To work around these limits, many Google teams adopted reactive programming models (RxJava, CompletableFuture) to avoid blocking threads. While effective for performance, these models introduced "callback hell," making code hard to read, debug, and maintain. New engineer onboarding took weeks longer as teams grappled with complex async flows.

Java 24 Virtual Threads: A Game Changer

Java 24 builds on the Virtual Threads (Project Loom) foundation introduced in Java 21, with critical improvements for large-scale deployments: reduced carrier thread pinning for synchronized blocks, enhanced JFR (Java Flight Recorder) events for virtual thread observability, and better integration with core networking and I/O libraries. Virtual threads are lightweight, managed entirely by the JVM, and can run millions of concurrent units of execution on a small pool of carrier (platform) threads.

For I/O-bound workloads like Google’s microservices— which spend most of their time waiting for database queries, API calls, or network I/O—virtual threads eliminate the tradeoff between imperative, readable code and high performance.

Google’s Rollout Strategy

Google began piloting Java 24 Virtual Threads in 2024, starting with low-risk internal services to validate performance and tooling. The rollout followed three core phases:

  • Pilot Testing: Migrating 50+ low-traffic services from reactive models to virtual threads, measuring latency, memory usage, and error rates.
  • Tooling Upgrades: Updating internal debuggers, profilers, and observability platforms to support Java 24’s virtual thread JFR events and stack trace formatting.
  • Incremental Migration: Rolling out virtual threads to high-traffic services like Gmail and Google Cloud Storage, prioritizing I/O-bound workloads first.

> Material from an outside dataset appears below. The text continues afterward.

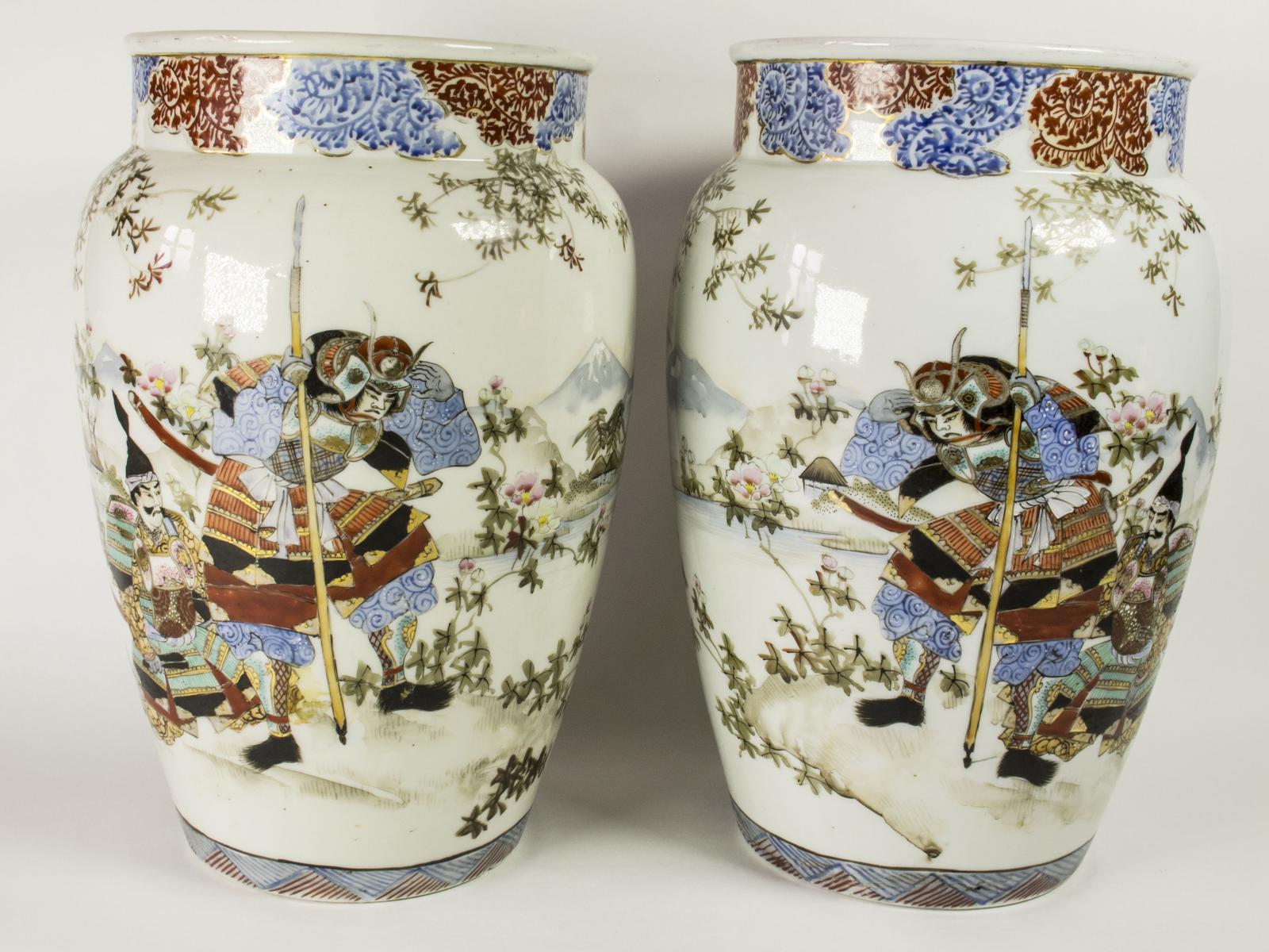 Large Mirror Pair of Japanese Samurai Kutani Vases

Key challenges included avoiding carrier thread pinning (where a virtual thread is blocked on a synchronized block, tying up a carrier thread) and ensuring third-party libraries were compatible with virtual threads. Google contributed patches to several open-source Java libraries to add virtual thread support during this process.

Results: Scaling 10k+ Services

After rolling out Java 24 Virtual Threads to over 10,000 services, Google reported staggering improvements:

  • 40% average reduction in per-service memory usage, as virtual threads require ~200 bytes of initial memory compared to 1MB for platform threads.
  • 30% lower latency for I/O-bound workloads, as virtual threads eliminate unnecessary context switching.
  • 50% reduction in infrastructure costs for eligible services, as fewer nodes are needed to handle the same throughput.
  • 60% faster onboarding for new engineers, as teams shifted back to imperative, blocking-style code that is easier to understand.

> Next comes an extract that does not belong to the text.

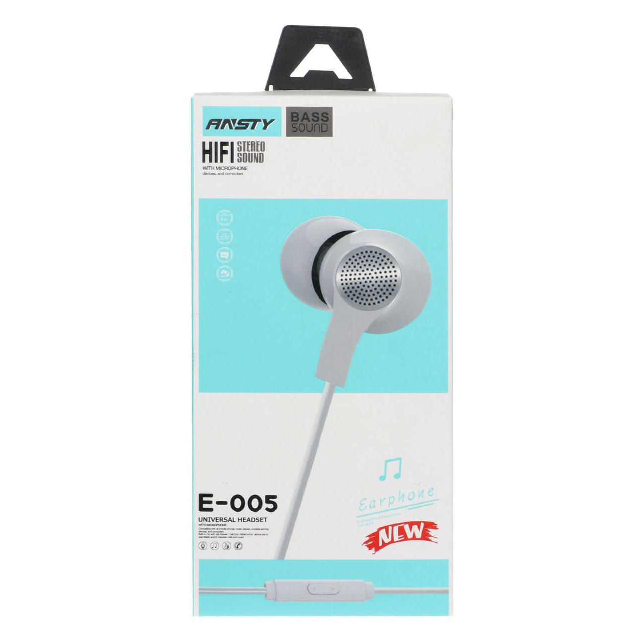 هندزفری (ایرفون ) «E-005» محصولی دیگر از ANSTY است که دارای کیفیت صدای خوب در رنگ های سفید و مشکی عرضه شده و گوشی های سیلیکونی آن باعث شده تا گوش در طولانی مدت خسته نشود. با استفاده از این محصول به راحتی میتوانید به تماس های تلفنی خود پاسخ دهید و به راحتی گوشی موبایل خود را درون جیب و یا کیف خود قرار دهید. همچنین وزن سبک آن یکی از ویژگیهایی است که باعث میشود به راحتی از آن استفاده کرد . رابط هندزفری جک 3.5 میلیمتری است و از نوع دوگوشی بوده و کیفیت صدای مطلوبی و بدون نویز را به کاربر هدیه میدهد.

Notably, Google saw no performance regressions for CPU-bound workloads, as virtual threads are designed to yield carrier threads for CPU-intensive tasks, falling back to standard platform thread scheduling.

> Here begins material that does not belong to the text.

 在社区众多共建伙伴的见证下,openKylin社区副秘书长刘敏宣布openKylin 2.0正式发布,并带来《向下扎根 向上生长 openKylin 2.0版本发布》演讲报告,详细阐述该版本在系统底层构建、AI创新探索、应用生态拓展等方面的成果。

Lessons Learned from Google’s Team

Google’s engineering team shared several best practices for organizations looking to adopt Java 24 Virtual Threads:

  • Use virtual threads only for I/O-bound tasks; CPU-bound work should still run on platform threads to avoid carrier thread exhaustion.
  • Avoid synchronized blocks or methods that pin virtual threads; use java.util.concurrent locks instead for shared state.
  • Leverage Java 24’s built-in JFR events for virtual threads to debug performance issues and track thread lifecycle.
  • Migrate incrementally—start with new services or low-risk existing workloads before tackling business-critical systems.

Conclusion

Google’s adoption of Java 24 Virtual Threads proves that lightweight concurrency can scale to even the largest microservice ecosystems. By eliminating the tradeoffs between performance and code readability, virtual threads have become a core part of Google’s Java strategy, with plans to migrate all eligible services by 2025. For organizations of any size, this case study highlights the tangible value of Java’s modern concurrency model.